Ordered that the order is affirmed insofar as appealed from, with costs.

The plaintiff Boris Vertsberger allegedly sustained injuries when he fell after his foot became lodged in iron rods sticking up from a street light pole foundation. The injured plaintiff alleges that the dangerous condition was created during a street light installation and relocation project performed by the defendant Welsbach Electric Corp. (hereinafter Welsbach) under a contract with the defendant City of New York. According to Welsbach, a protective base installed at this location covered the allegedly dangerous condition.

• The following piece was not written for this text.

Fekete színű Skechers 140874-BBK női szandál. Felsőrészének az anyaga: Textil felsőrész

However, Welsbach contends that the protective base was removed by an unknown third party at some point before the accident.

The injured plaintiff and his spouse sued the City, as owner of the public sidewalk, Welsbach, as the contractor on the streetlight replacement project, and Consolidated Edison, as the electric utility supplying power to the streetlights. Welsbach moved, inter alia, for summary judgment dismissing the complaint insofar as asserted against it, arguing that it owed no duty to the injured plaintiff with respect to the allegedly dangerous condition. The Supreme Court, inter alia, granted that branch of the motion. We affirm insofar as appealed from.

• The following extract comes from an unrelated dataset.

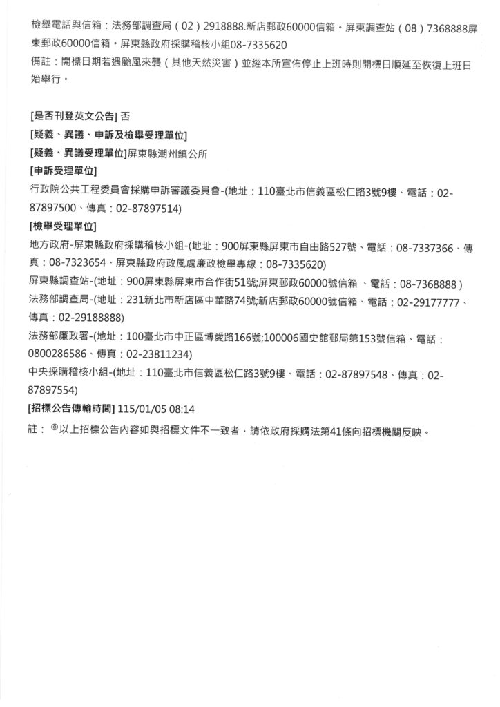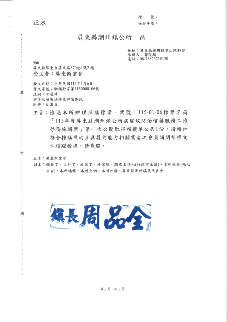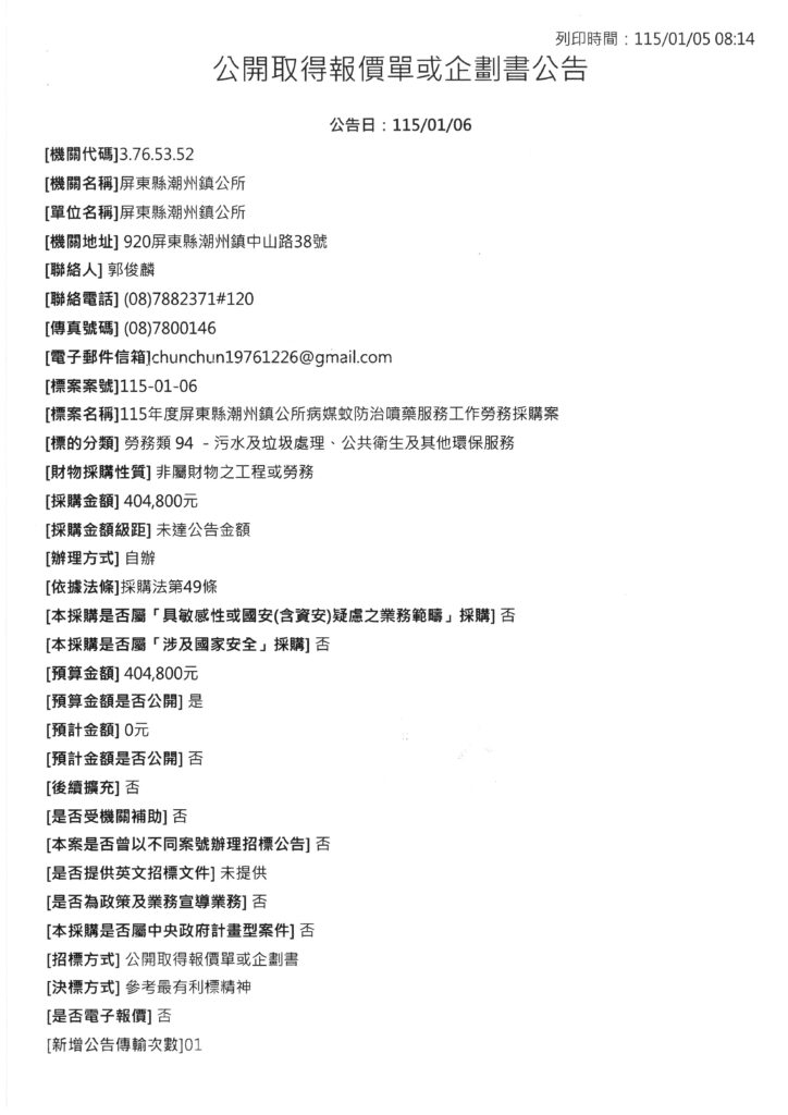 115年度屏東縣潮州鎮共所病媒蚊防治噴藥服務工作勞務採購案。

Welsbach established its prima facie entitlement to judgment as a matter of law (see Alvarez v Prospect Hosp., 68 NY2d 320, 324 [1986]). In response, the plaintiffs failed to raise a triable issue of fact. As a general rule, a party such as Welsbach, which enters into a contract to render services, has not assumed a duty of care to third parties outside the contract, such as the injured plaintiff, who allegedly was injured as a result of the negligent performance of such contractual obligation (see Espinal v Melville Snow Contrs., 98 NY2d 136, 138-139 [2002]). Furthermore, contrary to the plaintiffs’ assertion, there was no *699evidence that Welsbach created or exacerbated a hazardous condition so as to fall within an exception to the general rule (see Espinal v Melville Snow Contrs., supra at 141-142).

The plaintiffs’ remaining contentions are without merit. Smith, J.P., H. Miller, S. Miller and Luciano, JJ., concur.